DIRECTIONS —
Repeat all entries below exactly as shown.
*** Opening TASK INPUT ***
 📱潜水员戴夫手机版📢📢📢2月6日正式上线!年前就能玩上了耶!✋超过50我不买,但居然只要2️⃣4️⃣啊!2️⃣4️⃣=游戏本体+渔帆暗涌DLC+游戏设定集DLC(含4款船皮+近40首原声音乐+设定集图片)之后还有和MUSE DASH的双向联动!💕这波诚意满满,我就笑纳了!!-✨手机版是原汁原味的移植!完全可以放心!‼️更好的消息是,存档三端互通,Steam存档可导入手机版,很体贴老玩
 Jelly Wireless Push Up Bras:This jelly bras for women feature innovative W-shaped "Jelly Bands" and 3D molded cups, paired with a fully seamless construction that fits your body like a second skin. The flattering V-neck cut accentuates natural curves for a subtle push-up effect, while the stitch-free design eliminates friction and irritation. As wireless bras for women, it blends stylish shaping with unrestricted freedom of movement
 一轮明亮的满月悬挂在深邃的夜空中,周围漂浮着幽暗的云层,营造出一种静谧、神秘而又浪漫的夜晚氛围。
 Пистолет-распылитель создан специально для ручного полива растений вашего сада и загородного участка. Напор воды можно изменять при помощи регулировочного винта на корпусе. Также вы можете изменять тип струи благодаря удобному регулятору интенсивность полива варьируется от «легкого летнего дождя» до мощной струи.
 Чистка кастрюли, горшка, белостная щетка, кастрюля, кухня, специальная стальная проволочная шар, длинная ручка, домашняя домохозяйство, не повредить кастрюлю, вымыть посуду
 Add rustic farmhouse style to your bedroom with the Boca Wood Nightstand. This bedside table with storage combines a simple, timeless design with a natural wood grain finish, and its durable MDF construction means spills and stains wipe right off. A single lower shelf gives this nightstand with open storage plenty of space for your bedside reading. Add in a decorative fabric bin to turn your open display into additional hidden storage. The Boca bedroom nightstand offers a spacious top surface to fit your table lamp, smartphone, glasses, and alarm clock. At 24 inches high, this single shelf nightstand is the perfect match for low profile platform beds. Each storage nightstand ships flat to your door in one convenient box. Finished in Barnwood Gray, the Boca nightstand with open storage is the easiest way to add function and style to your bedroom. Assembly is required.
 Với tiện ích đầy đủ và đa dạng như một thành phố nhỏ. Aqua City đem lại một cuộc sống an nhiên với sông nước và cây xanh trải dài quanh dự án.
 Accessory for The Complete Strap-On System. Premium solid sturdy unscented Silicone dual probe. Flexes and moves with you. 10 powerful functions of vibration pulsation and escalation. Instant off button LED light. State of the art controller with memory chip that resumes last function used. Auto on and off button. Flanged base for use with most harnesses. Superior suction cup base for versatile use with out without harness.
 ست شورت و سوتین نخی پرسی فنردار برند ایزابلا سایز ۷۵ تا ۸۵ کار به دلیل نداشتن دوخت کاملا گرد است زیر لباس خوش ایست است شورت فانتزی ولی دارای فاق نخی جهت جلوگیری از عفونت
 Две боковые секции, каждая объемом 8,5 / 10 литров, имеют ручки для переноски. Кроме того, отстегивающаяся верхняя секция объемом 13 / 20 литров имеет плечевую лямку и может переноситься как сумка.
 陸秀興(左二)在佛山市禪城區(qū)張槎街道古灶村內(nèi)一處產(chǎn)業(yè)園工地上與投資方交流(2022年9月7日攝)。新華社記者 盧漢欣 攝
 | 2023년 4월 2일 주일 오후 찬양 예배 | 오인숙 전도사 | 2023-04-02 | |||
*** Closing TASK INPUT ***
SOLUTION —
 📱潜水员戴夫手机版📢📢📢2月6日正式上线!年前就能玩上了耶!✋超过50我不买,但居然只要2️⃣4️⃣啊!2️⃣4️⃣=游戏本体+渔帆暗涌DLC+游戏设定集DLC(含4款船皮+近40首原声音乐+设定集图片)之后还有和MUSE DASH的双向联动!💕这波诚意满满,我就笑纳了!!-✨手机版是原汁原味的移植!完全可以放心!‼️更好的消息是,存档三端互通,Steam存档可导入手机版,很体贴老玩
 Jelly Wireless Push Up Bras:This jelly bras for women feature innovative W-shaped "Jelly Bands" and 3D molded cups, paired with a fully seamless construction that fits your body like a second skin. The flattering V-neck cut accentuates natural curves for a subtle push-up effect, while the stitch-free design eliminates friction and irritation. As wireless bras for women, it blends stylish shaping with unrestricted freedom of movement
 一轮明亮的满月悬挂在深邃的夜空中,周围漂浮着幽暗的云层,营造出一种静谧、神秘而又浪漫的夜晚氛围。
 Пистолет-распылитель создан специально для ручного полива растений вашего сада и загородного участка. Напор воды можно изменять при помощи регулировочного винта на корпусе. Также вы можете изменять тип струи благодаря удобному регулятору интенсивность полива варьируется от «легкого летнего дождя» до мощной струи.
 Чистка кастрюли, горшка, белостная щетка, кастрюля, кухня, специальная стальная проволочная шар, длинная ручка, домашняя домохозяйство, не повредить кастрюлю, вымыть посуду
 Add rustic farmhouse style to your bedroom with the Boca Wood Nightstand. This bedside table with storage combines a simple, timeless design with a natural wood grain finish, and its durable MDF construction means spills and stains wipe right off. A single lower shelf gives this nightstand with open storage plenty of space for your bedside reading. Add in a decorative fabric bin to turn your open display into additional hidden storage. The Boca bedroom nightstand offers a spacious top surface to fit your table lamp, smartphone, glasses, and alarm clock. At 24 inches high, this single shelf nightstand is the perfect match for low profile platform beds. Each storage nightstand ships flat to your door in one convenient box. Finished in Barnwood Gray, the Boca nightstand with open storage is the easiest way to add function and style to your bedroom. Assembly is required.
 Với tiện ích đầy đủ và đa dạng như một thành phố nhỏ. Aqua City đem lại một cuộc sống an nhiên với sông nước và cây xanh trải dài quanh dự án.
 Accessory for The Complete Strap-On System. Premium solid sturdy unscented Silicone dual probe. Flexes and moves with you. 10 powerful functions of vibration pulsation and escalation. Instant off button LED light. State of the art controller with memory chip that resumes last function used. Auto on and off button. Flanged base for use with most harnesses. Superior suction cup base for versatile use with out without harness.
 ست شورت و سوتین نخی پرسی فنردار برند ایزابلا سایز ۷۵ تا ۸۵ کار به دلیل نداشتن دوخت کاملا گرد است زیر لباس خوش ایست است شورت فانتزی ولی دارای فاق نخی جهت جلوگیری از عفونت
 Две боковые секции, каждая объемом 8,5 / 10 литров, имеют ручки для переноски. Кроме того, отстегивающаяся верхняя секция объемом 13 / 20 литров имеет плечевую лямку и может переноситься как сумка.
 陸秀興(左二)在佛山市禪城區(qū)張槎街道古灶村內(nèi)一處產(chǎn)業(yè)園工地上與投資方交流(2022年9月7日攝)。新華社記者 盧漢欣 攝
 | 2023년 4월 2일 주일 오후 찬양 예배 | 오인숙 전도사 | 2023-04-02 | |||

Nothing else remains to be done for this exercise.